Education On the Way

"Remember what Hashem has done to Miriam on the way when you have left Mitzrayim."

Why does the Torah tell us when Miriam's punishment took place?

Wouldn't it have sufficed to just remind the Yidden of the punishment alone?


***

The Chofetz Chaim was once travelling in a train. He watched a woman get up and open the window near her seat. A minute later the woman's daughter got up to close the window. The woman got up again to open it, and her daughter came shortly thereafter to close it.

"Didn't you see me open the window?" the woman asked her daughter after the third time.

"Yes." the daughter answered smugly.

"So, then why did you close it?" the woman asked.

"Because I was cold," came the daughter's reply.

"But I was hot and I am your mother..." the woman demanded. 

"But I was cold..." the daughter interrupted.

The Chofetz Chaim watched as the woman stood there in silence.

"When we get home, I will take care of this," the woman said, and sat back down in her seat.

When the Chofetz Chaim related this story to his Talmidim he said "surely there is a reason why Hashem has shown this to me..."

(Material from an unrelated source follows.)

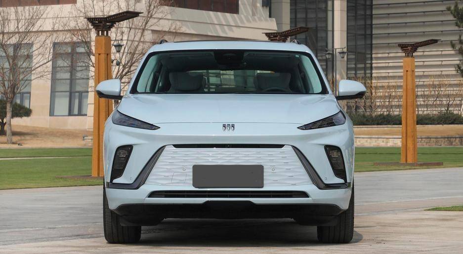 在设计层面,别克E5的造型第一眼不会让人联想到它和凯迪拉克LYRIQ的联系,整车造型有70%保留了概念车原型才有的设计元素,比如梯形下格栅、黑色导风槽装饰、分体式头灯组等。和概念车外观相比,E5的车身轮廓发生了改变,甚至用“剧变”来形容也未尝不可,其中A、D柱夹角增大,车身身高拔高,车侧腰线过渡显得比较突兀,整体看上去是魁梧剽悍,一定程度上贴合了年轻消费者对家用大五座SUV的外观审美需求。

The Chofetz Chaim then shared the tremendous lesson in education that he learned:

All too often, we react on instinct or impulse to things our children or students say or do. What this woman has shown us is that no matter how uncomfortable, inconvenient, or personally annoying the matter may be, there are times when the issue can, and should wait to be addressed "till we get home", and not on the moment.


***

There are times when we must respond in the moment, and times when we must wait...

In teaching us "what Hashem did to Miriam on the way when you have left Mitzrayim", the Torah reminds us two things:

Firstly, Lashon Hara is so detestable to Hashem that it could not wait till the Yidden got to Eretz Yisroel to address it. It had to be addressed right away - "on the way".

Secondly, remember that Hashem made the determination to address Miriam "on the way"...

May Hashem give us the insight to know when to respond "on the way", and when to wait "till we get home". And may He give us the strength and patience to transcend any personal disappointment or anger, and respond with integrity, in a Torah way, and B'Darchei Noam.



Based on a Dvar Torah by Rabbi Shmuel Kuperman.